Segment Start: Data shown

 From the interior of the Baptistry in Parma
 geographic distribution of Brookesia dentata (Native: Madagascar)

Segment End: Data shown
Segment Start: Data shown

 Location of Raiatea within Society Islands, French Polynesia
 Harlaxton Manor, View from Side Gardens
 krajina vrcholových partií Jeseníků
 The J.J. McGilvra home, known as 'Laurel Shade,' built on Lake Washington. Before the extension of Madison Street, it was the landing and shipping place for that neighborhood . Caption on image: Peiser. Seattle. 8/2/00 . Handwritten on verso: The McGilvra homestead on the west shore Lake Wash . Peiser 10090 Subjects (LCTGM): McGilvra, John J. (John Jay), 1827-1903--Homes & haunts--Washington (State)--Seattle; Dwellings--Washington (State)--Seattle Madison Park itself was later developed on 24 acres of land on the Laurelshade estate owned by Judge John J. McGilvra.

Segment End: Data shown

▶ _How to complete this task_: Look above for the line holding "From the interior of the Baptistry in Parma" and the line holding "geographic distribution of". Retype both, and every line between them, word for word and nothing else.

▶ _Solution_:
 From the interior of the Baptistry in Parma
 geographic distribution of Brookesia dentata (Native: Madagascar)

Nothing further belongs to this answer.